Lexapro made me very, very sick, so we next tried the generic form of Prozac, fluoxetine. Once I got up to a regular dose of fluoxetine, I started to feel better. After about a month or so on fluoxetine, I remember returning home after a morning walking my dog in the woods on a beautiful fall morning and noticing how lovely the landscaping was around our townhouse. The sky was clear and blue. The air crisp and refreshing against my skin. As I took in my surroundings, I noticed that I felt happy and calm. I allowed myself to notice it and be with it because it seemed as if it had been a very long time since I could remember feeling happy. This seemed to be as good a reason as any to continue to take the medication. Maybe there was something more for me than dark feelings, isolation and self-loathing. Maybe I was really someone who needed help because my biology didn't enable me the kinds of relief others experienced.

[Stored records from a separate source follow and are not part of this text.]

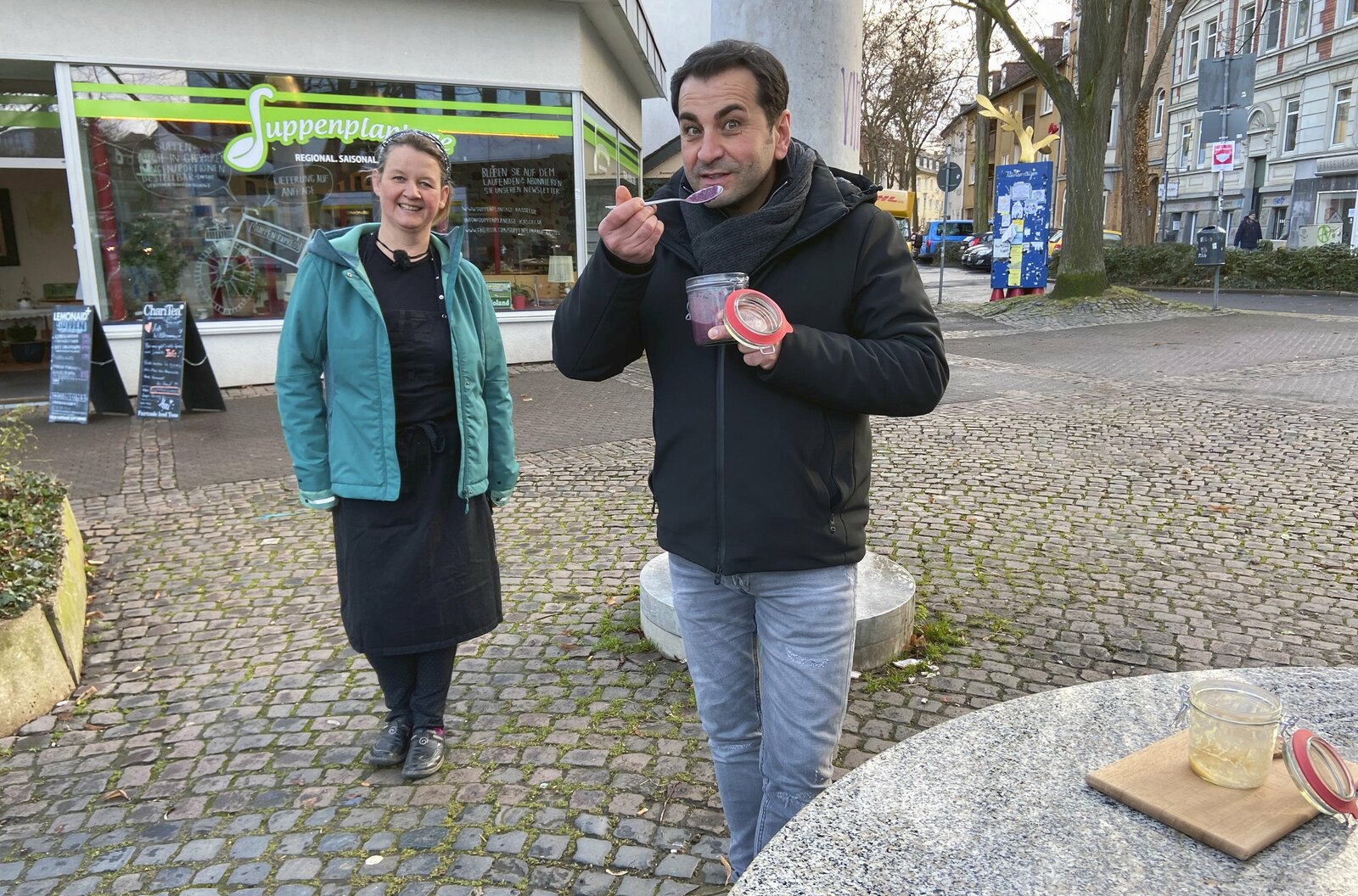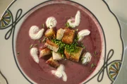Ali, der Fleischgourmet und die geschmorte LammschulterCharly Ende Vorspeise: Rotkohlsüppchen mit Croutons.Bild: © HR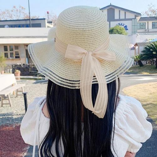 [XBJH2M9M]Jon 내추럴 밀짚모자 러브리본 비치 모자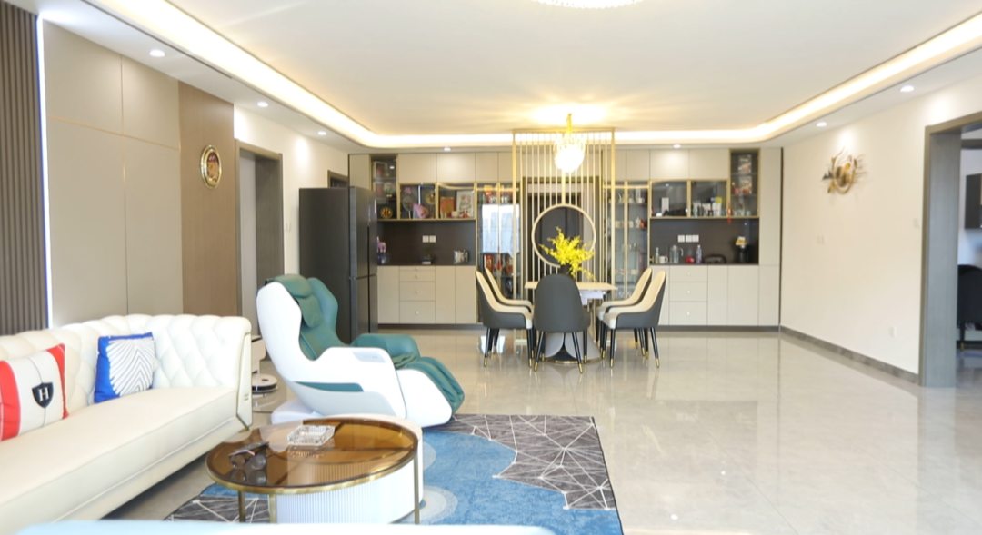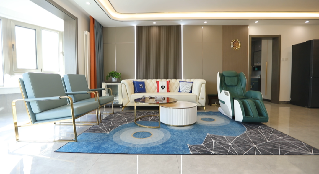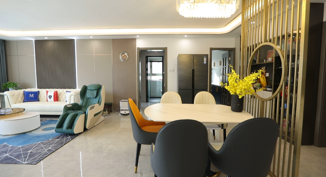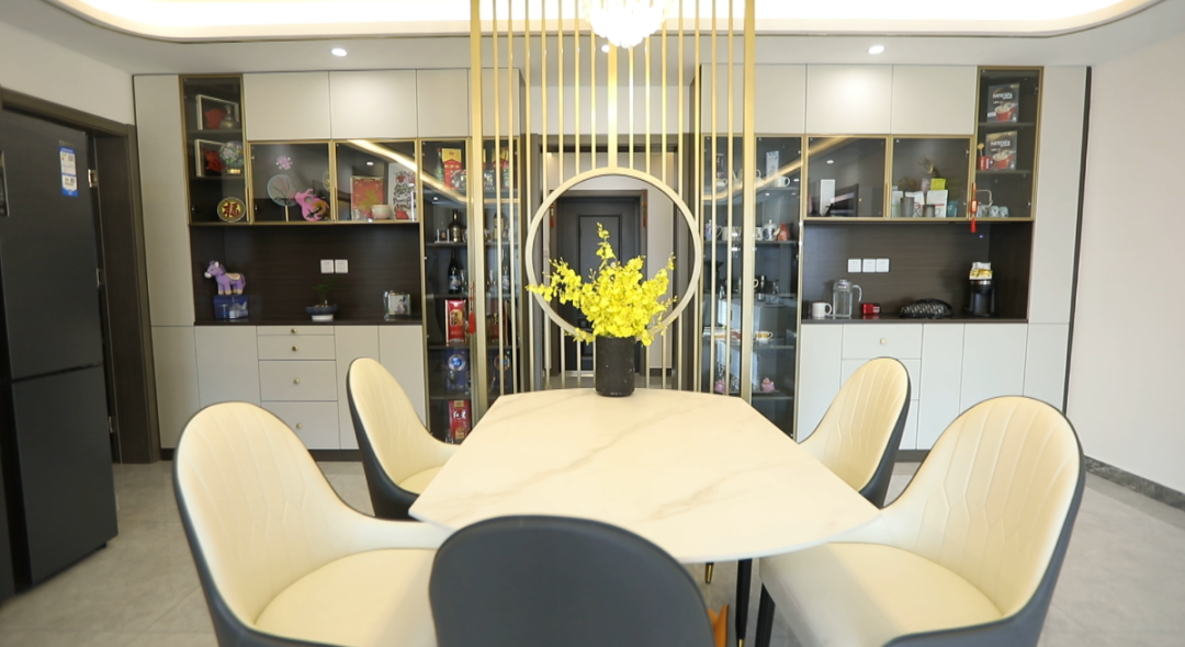 客餐厅——客厅空间47平米,设计师以两个卫生间为中轴线划分出餐厅和客厅空间,利用金属质感屏风为韩女士一家打造出开窗见景效果的餐区,很好的遮挡了餐区及客厅。餐桌居中摆放,两边预留出来的环型动线,走动起来更加舒适。

About three months into taking fluoxitine, after talking to my psychiatrist about wanting to try to have another baby and that I hoped to breast feed after giving birth, I switched to sertraline, the generic form of Zoloft. I have been taking one form of anti-depressent or another for nearly three years. In that time, I have had my ups and downs. I've had three miscarriages, coped with the stresses of my husband's very busy travel schedule resulting in long stretches of single-parenthood, the grief of losing my brother, my father-in-law and my great aunt, supporting my mother through some of these loses and the complexities of watching my mother watch her father age. My life isn't perfect, but it has been a lot better. So, why would I want to try coming off medication?